= Seacourt Pavilion =

Regional shopping center

The Seacourt Pavilion is a regional shopping center on Hooper Avenue in Toms River, New Jersey. It is right across the street from the Ocean County Mall. The mall has a gross leasable area of 253000 sqft.

The shopping center is split-level, with the parking lot on the east side higher than on the west side. Tenants include Marshalls, Pier 1 Imports (closing 2020), AMC/Loew's Cineplex (closing August 21, 2022), Ashley HomeStore, and HomeGoods. Former tenants include; Old Country Buffet, LA Fitness, (which has its own porte-cochere), Lionel Kiddie City, and Nobody Beats The Wiz.

==History==
Ground was broken on the project in May 1988, with plans to build a two-level enclosed mall, 12000 sqft of office space and a 150-room hotel.
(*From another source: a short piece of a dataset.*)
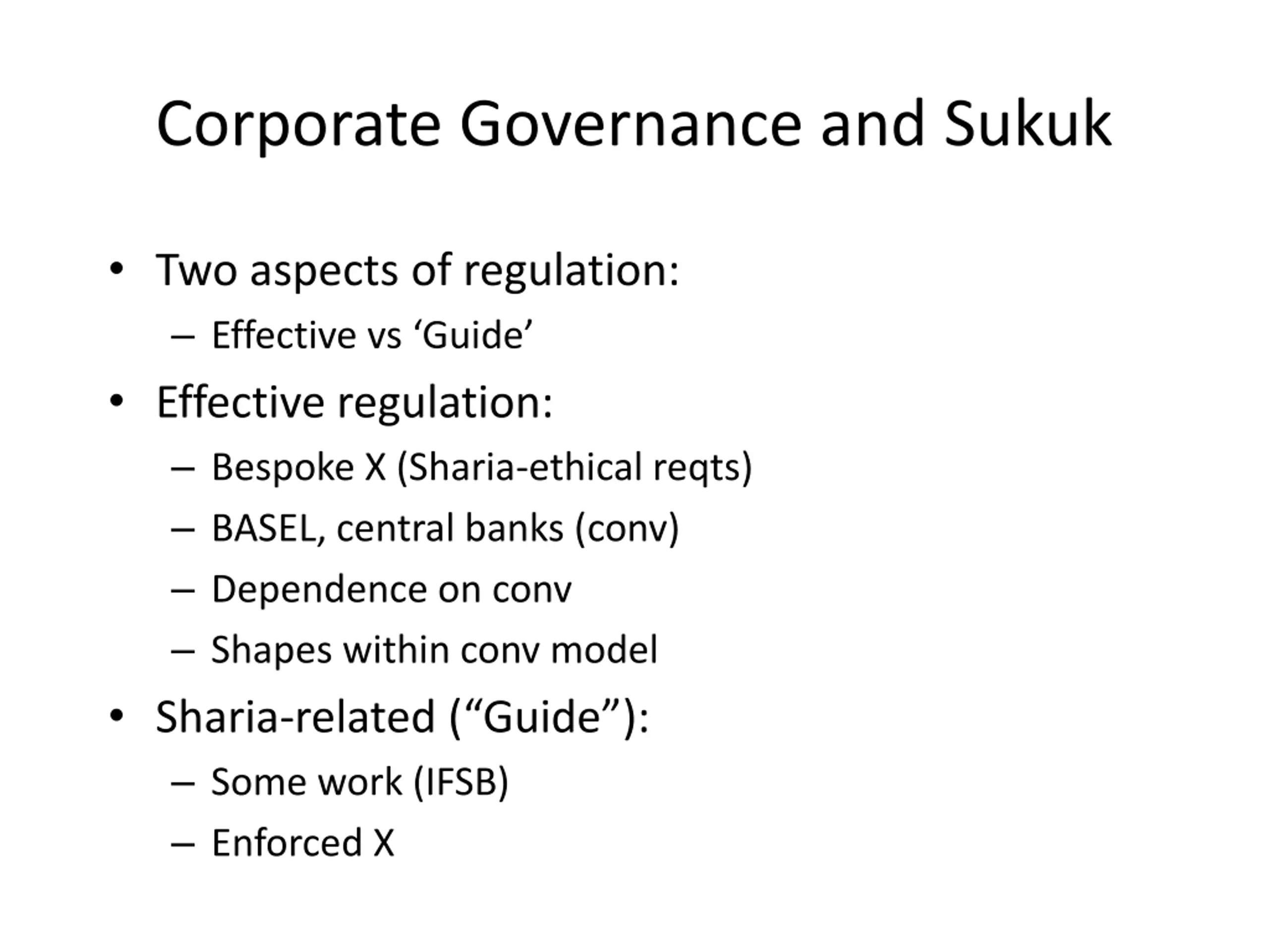 Corporate Governance and Sukuk Two aspects of regulation: Effective vs Guide Effective regulation: Bespoke X (Sharia-ethical reqts) BASEL, central banks (conv) Dependence on conv Shapes within conv model Sharia-related ( Guide ): Some work (IFSB) Enforced X

However, the plans for offices and hotel rooms never came to fruition.

As part of a re-envisioning of the traditional shopping center, Seacourt Pavilion created an innovative farmers' market — similar to comparable facilities at Reading Terminal Market in Philadelphia, South Street Seaport in New York City and Quincy Market in Boston — in addition to its existing food court, offering shoppers options for both prepared and farm fresh foods.

The market and food court have since closed down and as of 2008, the majority of the complex houses what were intended to be the original anchor stores after their expansions into available storefronts.

Seacourt Pavilion was briefly featured in the 2009 MTV series Jersey Shore, where the female cast members go tanning at the Simply Sun Tanning salon.